WHAT NEEDS TO BE DONE
What you return should be only the lines in the entries below between the one holding "stocked coffee bar" and the one holding "ラクリプサイトのトップページ > アプリ", ends included, with every picture left out.

STUDY MATERIAL
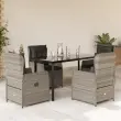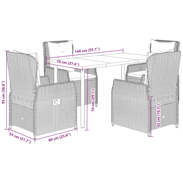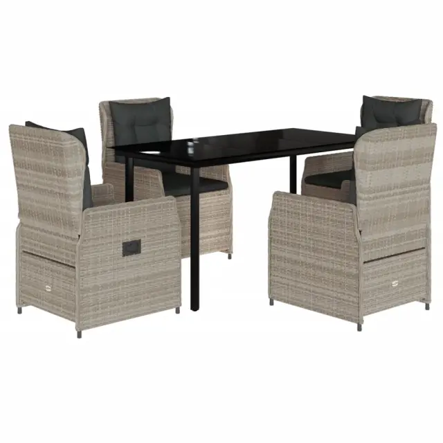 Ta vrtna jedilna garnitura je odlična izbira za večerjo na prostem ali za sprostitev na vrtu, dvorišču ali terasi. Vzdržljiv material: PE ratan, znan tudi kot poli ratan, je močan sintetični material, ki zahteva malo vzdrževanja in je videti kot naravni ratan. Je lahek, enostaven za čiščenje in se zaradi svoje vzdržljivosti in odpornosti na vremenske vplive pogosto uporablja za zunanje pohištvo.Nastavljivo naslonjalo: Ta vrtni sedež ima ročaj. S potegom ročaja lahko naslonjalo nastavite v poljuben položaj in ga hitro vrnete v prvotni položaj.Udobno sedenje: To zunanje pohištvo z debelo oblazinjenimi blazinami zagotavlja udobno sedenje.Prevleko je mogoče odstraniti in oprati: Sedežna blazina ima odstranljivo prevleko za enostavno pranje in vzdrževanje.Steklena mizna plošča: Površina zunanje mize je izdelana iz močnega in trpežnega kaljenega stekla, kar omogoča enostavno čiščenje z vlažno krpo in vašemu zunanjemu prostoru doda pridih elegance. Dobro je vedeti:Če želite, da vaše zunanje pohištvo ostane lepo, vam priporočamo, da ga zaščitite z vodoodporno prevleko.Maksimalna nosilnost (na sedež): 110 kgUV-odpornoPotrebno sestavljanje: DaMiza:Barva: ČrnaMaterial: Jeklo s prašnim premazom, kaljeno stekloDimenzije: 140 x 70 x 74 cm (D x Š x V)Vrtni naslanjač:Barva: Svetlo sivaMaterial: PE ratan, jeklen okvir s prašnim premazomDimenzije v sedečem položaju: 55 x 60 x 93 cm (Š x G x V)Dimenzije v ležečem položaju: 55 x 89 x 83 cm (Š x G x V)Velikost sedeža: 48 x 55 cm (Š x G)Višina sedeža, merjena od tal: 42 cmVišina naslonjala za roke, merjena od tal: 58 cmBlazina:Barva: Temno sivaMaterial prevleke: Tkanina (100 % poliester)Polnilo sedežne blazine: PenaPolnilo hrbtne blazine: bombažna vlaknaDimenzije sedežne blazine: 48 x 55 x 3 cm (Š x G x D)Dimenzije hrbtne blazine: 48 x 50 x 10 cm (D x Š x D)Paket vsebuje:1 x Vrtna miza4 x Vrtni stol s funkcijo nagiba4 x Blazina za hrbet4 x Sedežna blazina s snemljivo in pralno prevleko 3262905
--
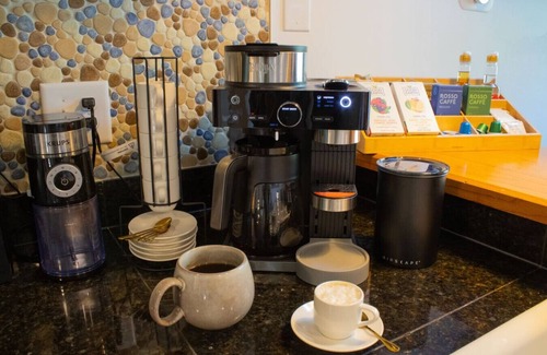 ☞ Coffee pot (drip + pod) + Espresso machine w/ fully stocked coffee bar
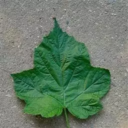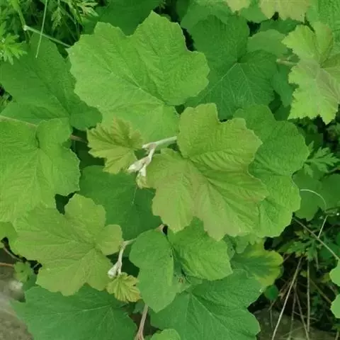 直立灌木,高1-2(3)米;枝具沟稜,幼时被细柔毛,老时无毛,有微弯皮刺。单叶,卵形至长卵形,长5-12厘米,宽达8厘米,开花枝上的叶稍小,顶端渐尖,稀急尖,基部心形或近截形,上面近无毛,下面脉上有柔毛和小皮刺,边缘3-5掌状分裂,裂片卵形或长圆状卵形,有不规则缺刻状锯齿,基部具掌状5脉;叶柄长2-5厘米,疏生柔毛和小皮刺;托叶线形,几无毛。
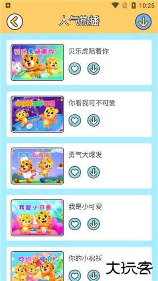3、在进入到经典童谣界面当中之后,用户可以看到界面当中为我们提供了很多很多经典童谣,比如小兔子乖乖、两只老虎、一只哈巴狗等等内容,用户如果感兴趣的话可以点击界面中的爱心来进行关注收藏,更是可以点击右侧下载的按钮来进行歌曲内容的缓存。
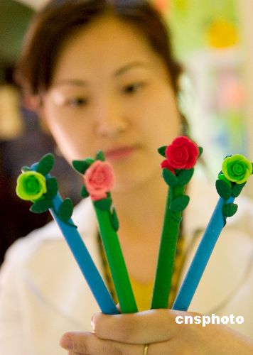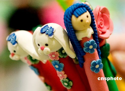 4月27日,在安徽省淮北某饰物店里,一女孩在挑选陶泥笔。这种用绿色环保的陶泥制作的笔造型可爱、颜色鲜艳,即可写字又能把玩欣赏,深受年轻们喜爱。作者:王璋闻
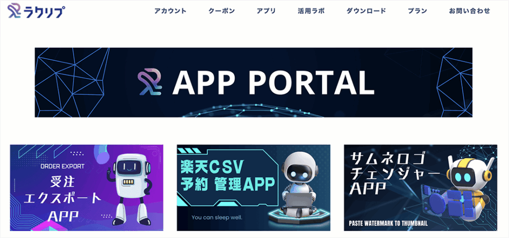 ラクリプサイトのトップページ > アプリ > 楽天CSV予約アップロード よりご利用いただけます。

OUTPUT FOR THIS EXERCISE
 ☞ Coffee pot (drip + pod) + Espresso machine w/ fully stocked coffee bar
 直立灌木,高1-2(3)米;枝具沟稜,幼时被细柔毛,老时无毛,有微弯皮刺。单叶,卵形至长卵形,长5-12厘米,宽达8厘米,开花枝上的叶稍小,顶端渐尖,稀急尖,基部心形或近截形,上面近无毛,下面脉上有柔毛和小皮刺,边缘3-5掌状分裂,裂片卵形或长圆状卵形,有不规则缺刻状锯齿,基部具掌状5脉;叶柄长2-5厘米,疏生柔毛和小皮刺;托叶线形,几无毛。
3、在进入到经典童谣界面当中之后,用户可以看到界面当中为我们提供了很多很多经典童谣,比如小兔子乖乖、两只老虎、一只哈巴狗等等内容,用户如果感兴趣的话可以点击界面中的爱心来进行关注收藏,更是可以点击右侧下载的按钮来进行歌曲内容的缓存。
 4月27日,在安徽省淮北某饰物店里,一女孩在挑选陶泥笔。这种用绿色环保的陶泥制作的笔造型可爱、颜色鲜艳,即可写字又能把玩欣赏,深受年轻们喜爱。作者:王璋闻
 ラクリプサイトのトップページ > アプリ > 楽天CSV予約アップロード よりご利用いただけます。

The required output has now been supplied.